The average rate at which energy is conducted outward through the ground surface in a certain region is 51.6 mW/m2, and the average thermal conductivity of the near-surface rocks is 3.31 W/m·K. Assuming a surface temperature of 11.7°C, find the temperature (in Celsius) at a depth of 35.0 km (near the base of the crust). Ignore the heat generated by the presence of radioactive elements.
recall that for an energy transfer,
q = -kA * dT / dx
where
q = rate of heat tranfer (in Watts)
k = thermal conductivity (in W/m-K)
dT = differential change in Temperature (in Celsius or in Kelvin)
dx = differential change in position (x-direction)
*note: this is negative since (T2-T1) is always negative, for heat always flows from higher temp to lower temp.
assuming heat transfer is at steady state (does not change with time), this formula simplifies to
q = -kA (T2-T1)/(x2-x1) ; or
q/A = -k*(T2 - T2)/(x2 - x1)
where
T1 = heat source temp (at this problem it's the crust)
T2 = lower temp (at this problem, it's the surface)
first we convert 51.6 mW/m^2 into W by multiplying by 10^-3
substituting,
51.6 * 10^(-3) = -3.31*( 11.7 - T1 )/(35)
0.0516*35/(-3.31) = 11.7 - T1
-0.546 = 11.7 - T1
-12.246 = -T1
T1 = 12.246 deg C
hope this helps~ :)
oops, scrap my first answer,, i forgot to convert 35 km to meters:
35 km = 35000 m
substituting,
51.6 * 10^(-3) = -3.31*( 11.7 - T1 )/(35000)
0.0516*35000/(-3.31) = 11.7 - T1
-545.62 = 11.7 - T1
-557.32 = -T1
T1 = 557.32 deg C
sorry~ ^^;
hope this helps~ :)
To solve this problem, we can use the concept of steady-state heat conduction.

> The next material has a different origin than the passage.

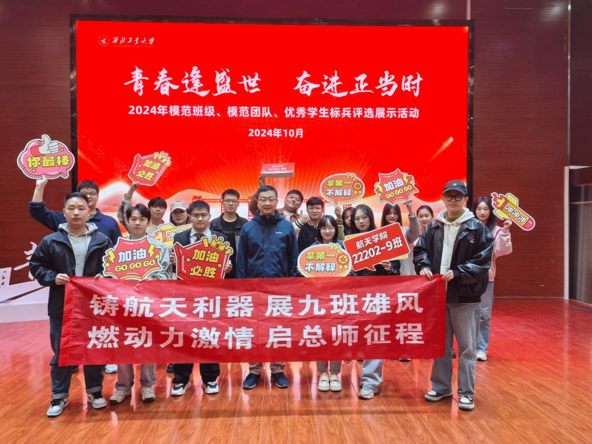 22202-9班由32名硕士生组成,党员人数占比53.13%。班级结合实际制定了对标学校“127目标”的班级“127计划”。坚持以夯实航天总师基础能力为目标,构建“红色筑根、蓝色育魂”双线并行培养模式,从七个维度建设模范班级。班级同学获国家奖学金4人次、一等学业奖学金4人次、优秀研究生13人次、国家级奖项7人次、省部级奖项11人次。班级成员100%来自翱翔战略团队,并全员参与何国强教授为核心的“飞天系列”科研项目,攻坚空天动力领域“卡脖子”难题,实现基础问题“0到1”和工程技术“1到0”双向突破。在科研项目的依托下,科研成果实现多点开花,班级成员在校期间累计发表论文74篇,其中TOP期刊达26篇,国家发明专利9项,软著2项。班级同学100%参加各类国内外学术会议,真正做到既要放眼看世界,更要向世界传播中国声音。班级同学甘于奉献、勇于担当,以昂扬自信的姿态投身学校、学院建设,志愿服务人次300余次,总服务时长超500小时,并受到国家级媒体报道。正值共和国75周年华诞,实干兴邦是航天青年对祖国最好的献礼。党和人民需要我们的航天事业不断进步,9班的航天青年就一定会遵循总书记的指引,“谱写新时代的青春之歌”。

The rate of heat conducted through a material can be determined using the equation:
Q = (kAΔT) / d
where Q is the rate of heat conducted (in watts), k is the thermal conductivity of the material (in watts per meter-kelvin), A is the surface area (in square meters), ΔT is the temperature difference across the material (in kelvin), and d is the thickness of the material (in meters).
First, let's determine the temperature difference ΔT across the crust. We have the surface temperature (11.7°C), but we need to convert it to kelvin by adding 273.15:
ΔT = (11.7 + 273.15) K - T
Next, we can calculate the rate of heat conducted Q using the equation:
Q = kA(ΔT) / d
We are given the rate of heat conducted Q (51.6 mW/m², which is equivalent to 51.6 × 10⁻³ W/m²), the thermal conductivity k (3.31 W/m·K), and the thickness of the crust (35.0 km, which is equivalent to 35.0 × 10³ m).

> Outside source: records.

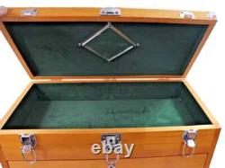 Stowing, slide-under door with lock. Green felt in each drawer. Rubber handle for easy lifting.Drawers providing much extra room storage. Lockable top storage compartment with 3 latches (1 locking) for added security. Brass-tone metal pulls, latches, locks, carry handles and corner reinforcements. Display, secure, and store your precious collectible items in this collector's cabinet display case.
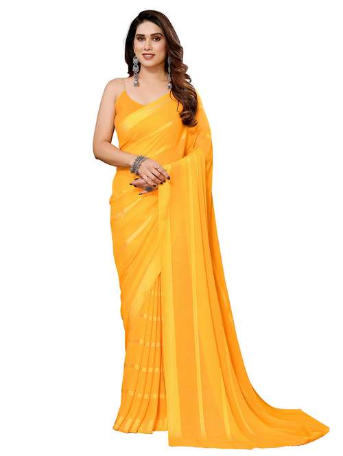 Elevate your ethnic charm with this stunning Bollywood Satin Striped Saree. Crafted from soft and lustrous satin fabric, this saree features elegant striped patterns that add a modern touch to its traditional appeal. Inspired by glamorous Bollywood fashion, it's perfect for festive occasions, parties, weddings, and special events.This saree comes with a matching unstitched blouse piece, allowing you to customize it to your style. The smooth satin drape ensures a graceful fall and all-day comfort, making you the center of attention wherever you go.
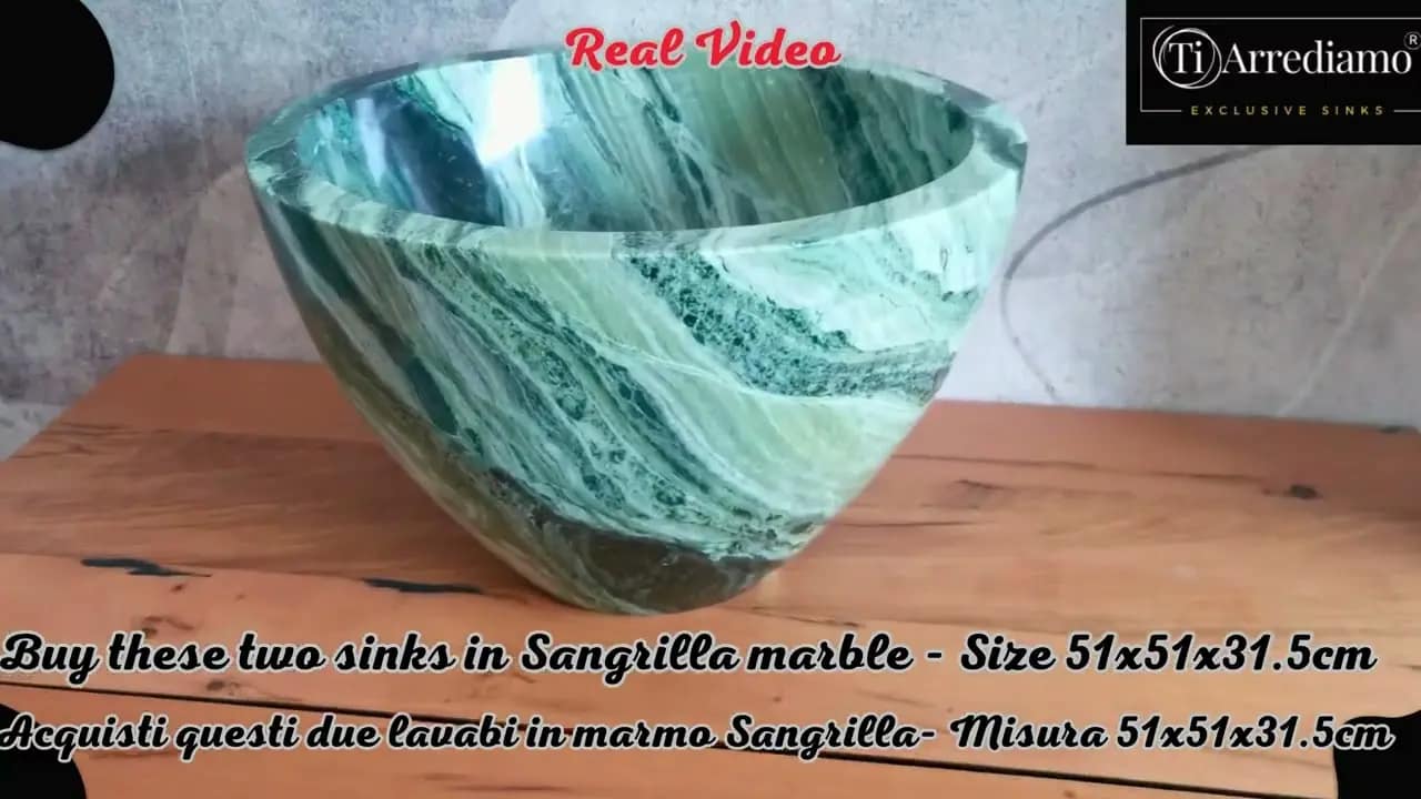 Acquisti il lavabo in marmo verde sangrilla 51x51x32.5cm che vedi nelle foto e nel video!  Immagini reali del lavandino

Now, let's plug in the values and solve for ΔT:
51.6 × 10⁻³ = (3.31)A(ΔT) / (35.0 × 10³)
To eliminate the area A, we need to express it in terms of the crust's thickness. The area of a cylindrical crust with a radius r is given by:
A = 2πr²
The radius r is related to the thickness d by the equation:
r = d
Therefore, we can rewrite the equation for A as:
A = 2πd²
Now we can substitute this expression for A into the equation:
51.6 × 10⁻³ = (3.31)(2πd²)(ΔT) / (35.0 × 10³)

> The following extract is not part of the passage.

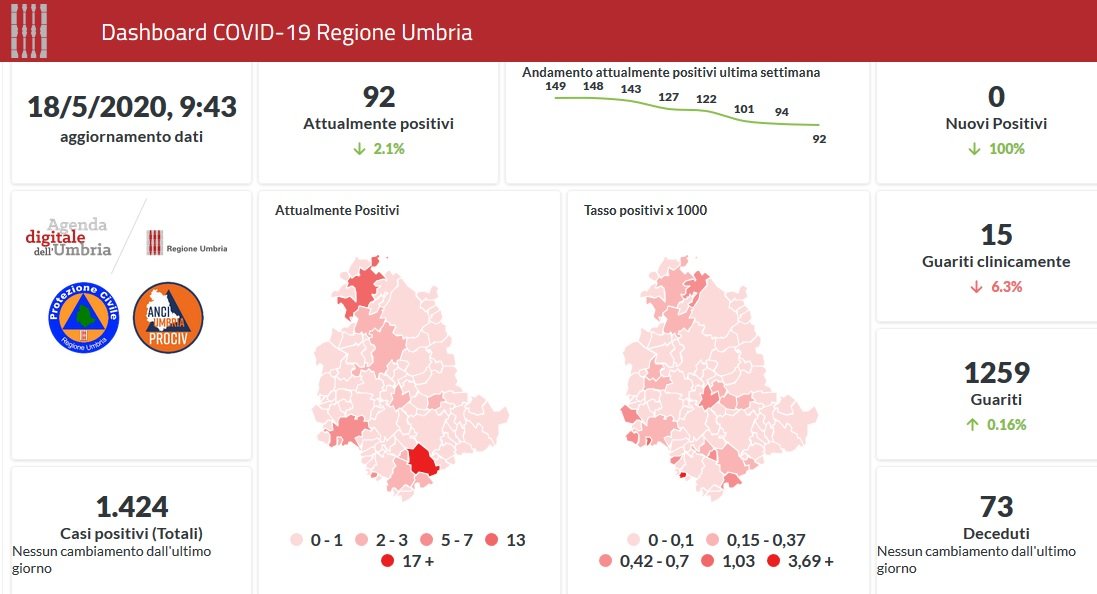 Notizie ancora confortanti in Umbria per i contagi da Covid-19. Dai dati aggiornati alle ore 09:43 di oggi 18 maggio, 1424 persone in Umbria risultano positive al virus (+0 rispetto a ieri), gli attualmente positivi sono 92 (-2 rispetto a ieri), i guariti sono 1259 (+2 rispetto a ieri).

At this point, we have one equation with two unknowns (ΔT and d). To solve for ΔT, we need an additional equation. We can use the equation for the average temperature at a given depth:
T = Ts + (Tc - Ts) * (z / Z)
where T is the temperature at a given depth, Ts is the surface temperature, Tc is the temperature at the base of the crust, z is the depth, and Z is the total thickness of the crust.
In this case, we want to find the temperature at a depth of 35.0 km (near the base of the crust). We know the surface temperature (11.7°C) and the depth (35.0 km), but we need the temperature at the base of the crust (Tc).
Unfortunately, we don't have enough information to directly calculate Tc. We would need to know the temperature gradient or have additional data on the subsurface temperatures.
Therefore, without the necessary data, we cannot determine the temperature at a depth of 35.0 km near the base of the crust.